CSA Week 8

This Week’s Harvest

Red gold potatoes
Celery
Leeks
Candy onions
Summer squash and zucchini
Green beans OR okra
Rainbow kale
Jalapeño peppers
Tomatoes

Food notes
Our first green bean planting got stunted in a low lying wet section of the field so yields were really low, but we have more plantings on the way so the green bean amount in the boxes will increase. Okra is a veggie that we have to send out to individual pick up sites over the course of the season. Every pick up site will get it at least once this season. Field tomatoes are not quite ripening yet and this week’s harvest comes from the hoophouse. Tomato portions will be increasing soon!

Farm notes
While I am typing this post, the field crew is back at the farm transplanting our first fall brassica seeding. Brassicas are a major vegetable family including broccoli, cabbage, kohlrabi, kale among others. Brassicas like to mature in cooler weather, but we have to start thinking about them long in advance of the fall harvest. First we seeded a cover crop of buckwheat and hairy fetch in the field back in early June. Here you can see how tall the buckwheat got.
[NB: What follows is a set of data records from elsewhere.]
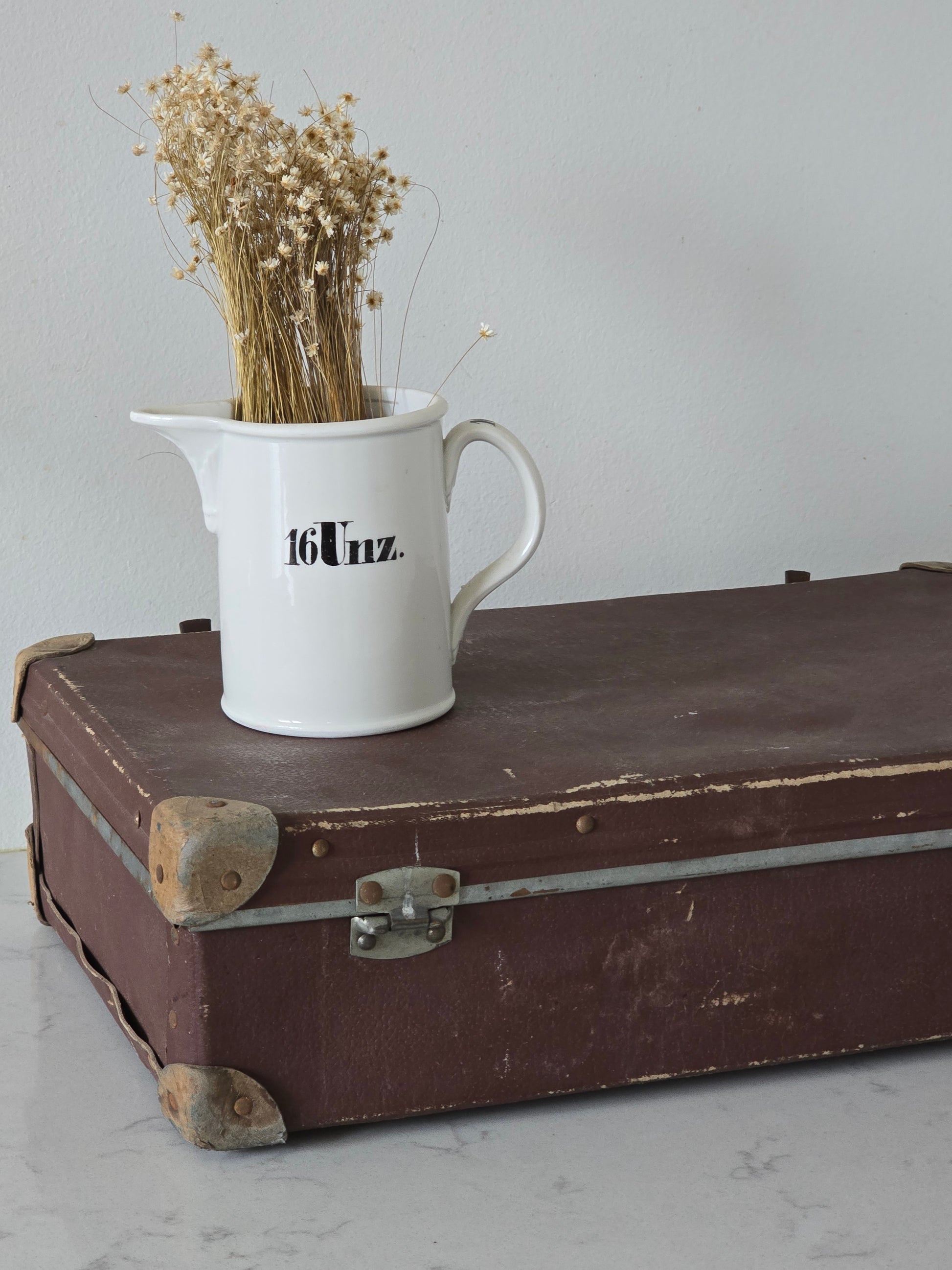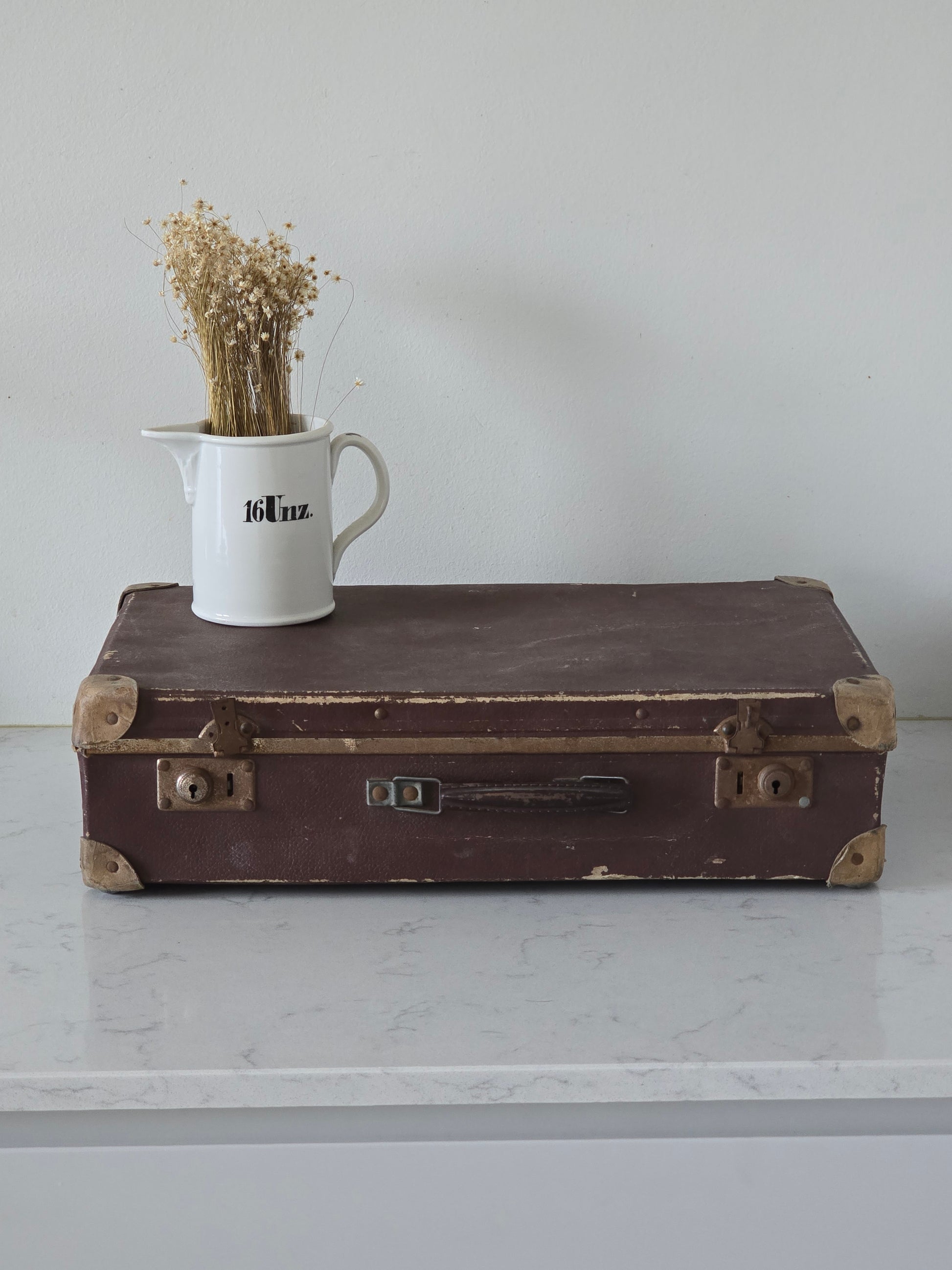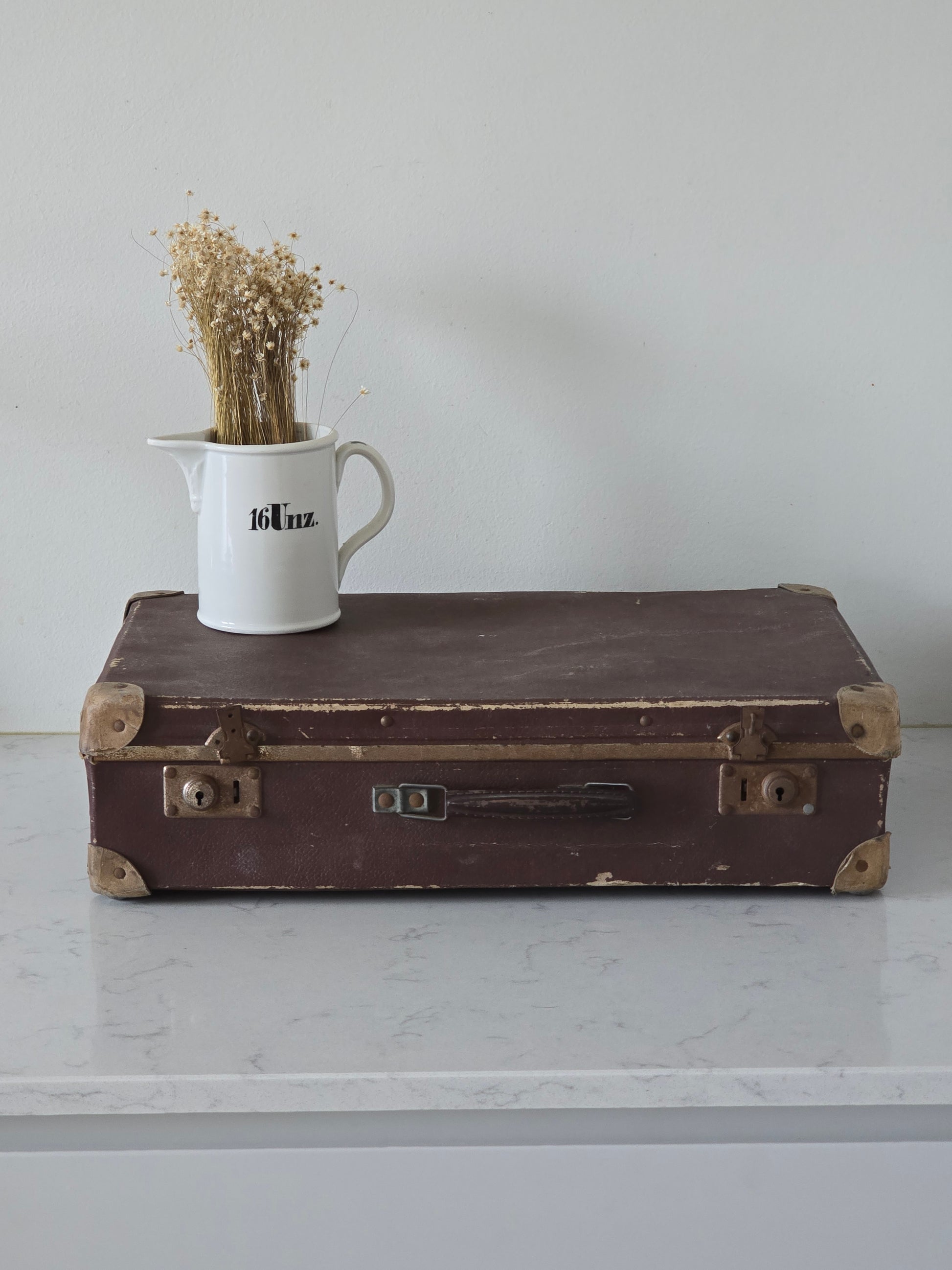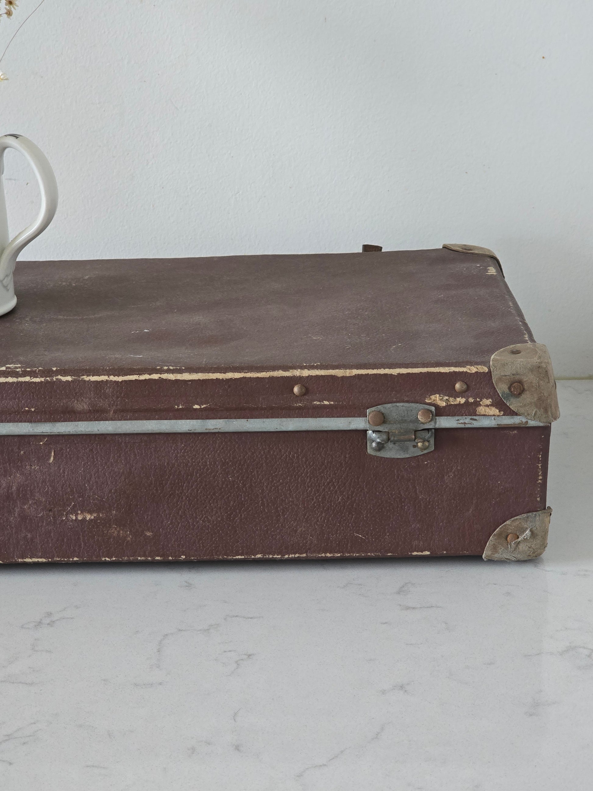 Melkoisen pieni vanha patinoitunut matkalaukku. Laukku on kovaa pahvia ja siinä on metallisia osia tukemassa kulmia. Sisällä on kaunis ruutukangas, joka tekeekin tästä viehättävän sisustustuotteen. Metalliosista löytyy ruosteisuutta ja patinaa. Alaosa on hieman kuprulla.
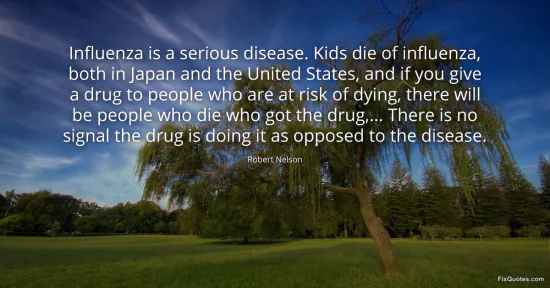 Nelson, Robert. (2026, January 17). Influenza is a serious disease. Kids die of influenza, both in Japan and the United States, and if you give a drug to people who are at risk of dying, there will be people who die who got the drug,... There is no signal the drug is doing it as opposed to the disease. FixQuotes. https://fixquotes.com/quotes/influenza-is-a-serious-disease-kids-die-of-81386/
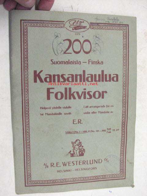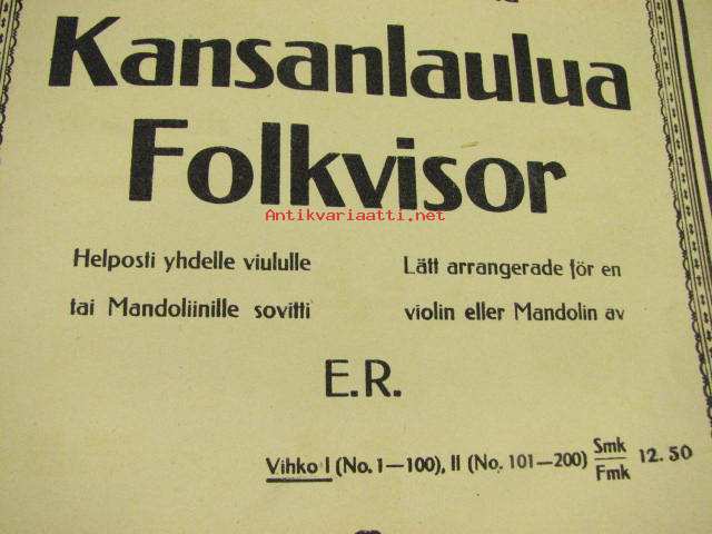 200 Suomalaista Kansanlaulua Folkvisor I-II helposti yhdelle viululle tai mandoliinille sovitti E.R.
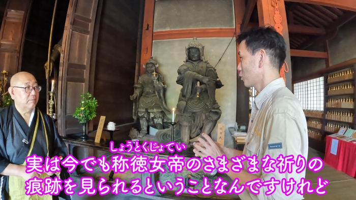 西大寺の高僧、佐伯俊源さんをスペシャルナビゲーターにお迎えしました。お二人は東京大学古代史ゼミの先輩と後輩。絶妙なコンビネーションで称徳女帝の祈りがつまった西大寺境内を案内してくれます。

20140722-163814-59894519.jpgBuckwheat is a fast growing crop that helps with weed suppression and provides nutrients to the soil once it is mowed in and breaks down. Hairy fetch is a nitrogen fixing legume and brassicas love the extra nitrogen they provide. The wet weather we have had actually really help with our cover crop as we have no way to water it and have to leave it up to Mother Nature.
Then, a week or so before planting we have to mow the cover crop down– preferably before it has gone to seed! Ben had to fix our mower and got it done just in time to do just that!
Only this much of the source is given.